The average number of facilities per person for a rental property in each postcode was included since it is a quantifiable measure of the luxuries afforded to the average individual in that postcode. The proportion of schools nearby as well as the average durations/distances to other nearby amenities indicates how accessible these services are within the community. The proportion of available properties also indicates how accessible the postal region is for prospective tenants. A larger number of luxuries, easily accessible amenities, as well as a higher capacity to live in said region would all result in an increased measure of liveability.


The metric was calculated by summing up all the aforementioned features for each postcode. The resulting values were then standardised to be on a scale of 0 to 1 for easier comparison. 

In [33]:
most_liveable_df = pd.read_csv("../data/curated/most_liveable.csv", index_col=0)
most_liveable_df.head(10)

Unnamed: 0_level_0,Standardised Liveability
Postcode,Unnamed: 1_level_1
3213,1.0
3688,0.997138
3808,0.96244
3670,0.950135
3799,0.934989
3249,0.922225
3659,0.921298
3461,0.895837
3498,0.894708
3285,0.886109


<h3>Assumptions & Business Context</h3>

**Terminal tool prototype**

In addition to answering the three main questions, we created a tool that can be utilised by renters, investors, landlords and businesses to access a snapshot of the top ten postcodes in relation to their inputted one and their associated growth rate, standardised affordability and standardised liveability. This tool was created in two stages. 

*Stage 1: Database creation [tool.ipynb]*

Each postcode was connected with their derived growth rate, liveability and affordability metrics from our research. In addition to this, an external dataset *australian_postcodes.csv* that associates the postcode with the coordinates was utilised. The first suburb in the postcode in the csv was taken to be the representative coordinate for the whole postcode and used when calculating the distances between each postcode. 

Following this, the euclidean distance of a postcode to every other postcode was calculated and then ranked with the top ten closest neighbouring postcodes to the specified postcode being saved for the tool. The euclidean distance was used as the linear distance was deemed a sufficient measure of ‘closeness’. 

Finally the database of all the information was combined in the dataframe below.
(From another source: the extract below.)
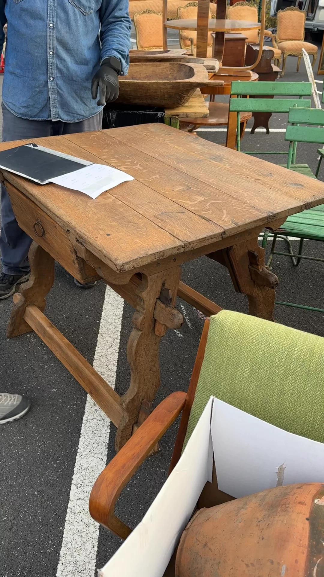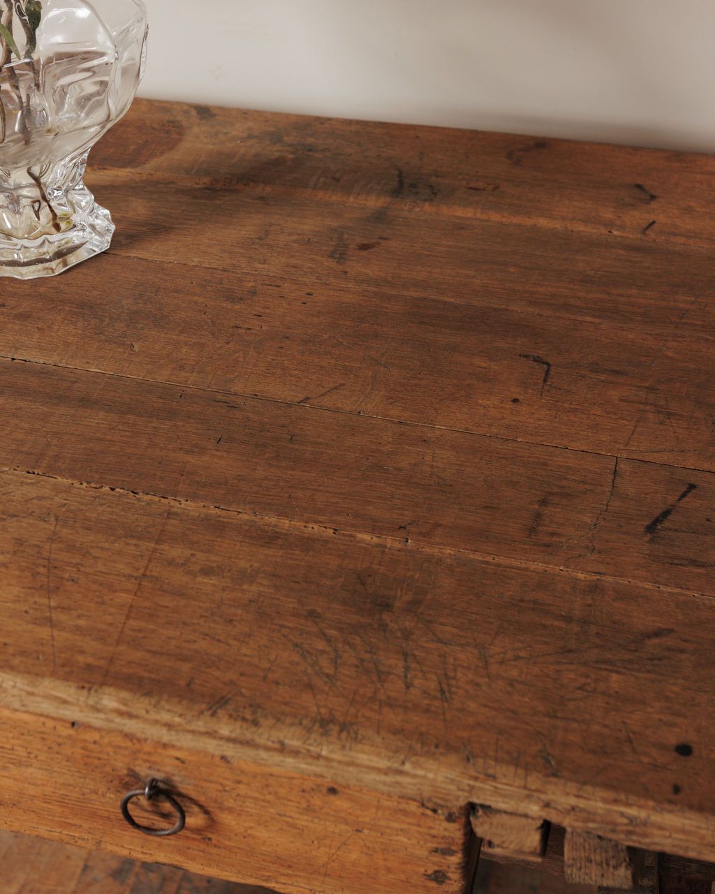 You don’t see this kind of construction unless it was meant to be taken apart, moved, and put back to work again. Found in Béziers and originally from Spain in the 19th century, this oak table follows the tradition of mesa de campo - built in separate elements so it could be carried between rooms or even between houses, then slotted back together with everything locking firmly into place. The base is all joinery and intention, with pegged stretchers and shaped legs that hold the structure without relying on nails, while the single drawer sits deep and practical, made for tools, cloths, or whatever stayed in constant rotation. Sylvie loves it in an entryway, keys dropped at the corner, a bag set down for a moment that turns into hours, the surface quietly collecting the first and last things that pass through the door.

Any missing information has been represented by NaNs values.


*Python Script to access database and output answer [tooluse.ipynb]*

To use this tool, the user can input any Victorian postcode and the tool will output the following:
- The inputted postcode’s growth rate, standardised affordability and standardised liveability 
- The growth rate, standardised affordability and standardised liveability of the top ten nearest postcodes to the imputed postcode

This tool can be leveraged to aid the decision making of renters, landlords, and real-estate businesses as well as serve as a guide for those wanting to enter the investment property market.

In future research, the differences between the rental property market in metropolitan and rural areas of Victoria should be further investigated, as well as a wider range of features considered for assessing affordability and livability. The tool can be further expanded with more data as well as developed for application in government sectors for planning/development of services.